The Fall Of El Fasher And Another Wave Of Atrocity Crimes In Darfur

On October 26, 2025, after some eighteen months of siege, El Fasher, the capital of North Darfur, fell to the paramilitary Rapid Support Forces (RSF). The fall follows days of bombardment and the withdrawal of the Sudanese Armed Forces (SAF) and allied groups. The takeover of El Fasher is said to have unleashed atrocity crimes, including targeted ethnic violence, extrajudicial killings and executions. Some of these alleged crimes will likely amount to international crimes such as war crimes, crimes against humanity and even genocide. Earlier this year, the then U.S. Secretary of State Antony Blinken announced that the U.S. State Department determined the atrocities in Darfur amounted to genocide. Justifying this recognition, the then Secretary Blinken relied on evidence of the RSF and allied militias systematically murdering men and boys—on an ethnic basis, and deliberately targeting women and girls from certain ethnic groups for rape and other forms of brutal sexual violence. The RSF and allied militias are also said to have “targeted fleeing civilians, murdering innocent people escaping conflict, and preventing remaining civilians from accessing lifesaving supplies.” The statement refers to the atrocities following the conflict unleashed by the SAF and the RSF in April 2023. The conflict resulted in the world’s largest humanitarian catastrophe, with over 30 million people in need of humanitarian assistance, and over 638,000 people experiencing the worst famine in Sudan’s recent history. Tens of thousands are said to be dead, but the exact number is unknown. The new wave of atrocities committed by RSF in El Fasher requires urgent attention and response.
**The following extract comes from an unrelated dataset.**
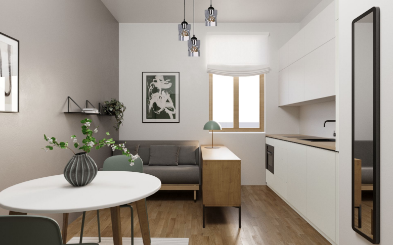 - Kompletní rekonstrukce – moderní standardy, kvalitní materiály a citlivé provedení v tradičním činžovním domě.

The evidence of the atrocities is ever-growing. On October 27, 2025, the U.N. Human Rights Office reported that it was receiving “multiple, alarming reports that the [RSF] are carrying out atrocities, including summary executions, after seizing control of large parts of the besieged city of El Fasher, North Darfur and of Bara city in North Kordofan state.” The U.N. High Commissioner for Human Rights, Volker Türk, warned that: “The risk of further large-scale, ethnically motivated violations and atrocities in El Fasher is mounting by the day. Urgent and concrete action needs to be taken urgently to ensure the protection of civilians in El Fasher and safe passage for those trying to reach relative safety.” The U.N. further added that hundreds of people have reportedly been detained while trying to flee, including a journalist. It also raised the extremely high likelihood of sexual violence being used against women and girls as a method of war.

The same day, on October 27, 2025, the Humanitarian Research Lab at Yale School of Public Health (Yale HRL) published a report evidencing the RSF conducting alleged mass killings after capturing El-Fasher, according to satellite imagery analysis collected that day. As the report explains, Yale HRL has observed “vehicles deployed in tactical formations consistent with house-to-house clearance operations in Daraja Oula neighborhood (…). These activities include the blocking of side streets with vehicles and the presence of gun-mounted vehicles. Imagery analysis shows objects consistent with the size of human bodies on the ground near RSF vehicles, including at least five instances of reddish earth discoloration.” Yale HRL has identified multiple credible reports of mass killings in El-Fasher across social media and open sources.

Following the takeover of El Fasher, entire neighborhoods are said to have been destroyed. According to the Global Centre for the Responsibility to Protect, “tens of thousands of civilians are now at imminent risk of mass killings and ethnic cleansing.” In addition, hospitals are reduced to rubble and humanitarian access is completely severed. As the Global Centre for the Responsibility to Protect warns, “This is not only a humanitarian emergency; it is an atrocity crisis deepening by the day. The fall of El Fasher marks a critical point of no return. Without immediate and decisive action, the city could soon become the site of another mass atrocity etched into Darfur’s tragic history. It is unacceptable for the world to stand by once again as civilians are hunted, starved and killed.”

Unfortunately, as the atrocities have been unleashed in El Fasher and Darfur more broadly, very little is being done to address the atrocities. Civil society organizations are calling for concrete and urgent actions, including demanding an immediate cessation of hostilities in and around El Fasher and other conflict hotspots, condemning deliberate attacks on civilians, and calling for protection of civilians in, identifying strategies to overcome barriers to humanitarian access, halting the transfer of arms and financial support to parties to the conflict, among others. However, responses are not forthcoming despite the horrific evidence being published every single day.

In the words of the Global Centre for the Responsibility to Protect, “Every government, every leader and every institution has the capacity – and the responsibility – to act. Whether through diplomacy, humanitarian assistance or public pressure, there are avenues to make a difference. Silence and inaction are choices. In the face of such horror, they are indefensible.” We, as the international community, must act in the face of yet another genocide in Darfur in two decades. Global leaders must stand up to the challenge and stop looking away. With all the evidence of mass atrocities too easily available online, they cannot claim they did not know.